53 F. Supp. 528 | S.D.W. Va | 1944

53 F.Supp. 528 (1944)

UNITED STATES
v.
ALDERSON et al.

No. 194.

District Court, S. D. West Virginia.

January 14, 1944.

*529 Leslie E. Given, U. S. Atty., and John R. Dyer, Sp. Atty., Department of Justice, both of Charleston, W. Va., and Leland L. Yost, Atty., Department of Justice, of Washington, D. C., for the United States, petitioner.

Arden Trickett, of Charleston, W. Va., Hiram G. Williamson, of Williamson, W. Va., and Harry R. Taylor, of Keyser, W. Va., for State Road Commission of West Virginia.
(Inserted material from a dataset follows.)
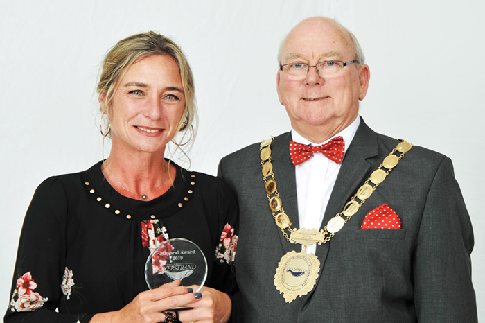 The Mayoral Trophy for the Woman of the Year went to Jami Kastner (Butterfly Centre), the Achievers of Excellent went Jorika Rabie (Purple Angels) and Natasha Bruiners (Catapult Foundation), the Environmental Conservation went to Sean Privett (Walker Bay Fynbos Conservancy), the Entrepreneurial Achievement went to Di Rattle (Hermanus Breweries, Old Harbour beer), the Tourism Development went to Peter Kastner (Stanford Hills Estate) and the Junior Achiever went to Izaan Newman Gansbaai Academia.

HARRY E. WATKINS, District Judge.

This is a condemnation proceeding brought by the United States as petitioner to condemn 8,000 acres of land along the Ohio River, near Point Pleasant, in Mason County, West Virginia, for the construction of a T. N. T. plant. Just compensation has been agreed upon, or adjudicated, as to all property owners, except the State of West Virginia, which claims damages of approximately $100,000 for the taking of 20 miles of secondary state roads within the area. Petitioner claims that since the property owners outside the area still have reasonable access to their property, there is no legal liability on the State of West Virginia or the State Road Commission, to reconstruct or improve roads to take the place of those abandoned within the area, and therefore the state is entitled only to nominal damages for the road easements being acquired.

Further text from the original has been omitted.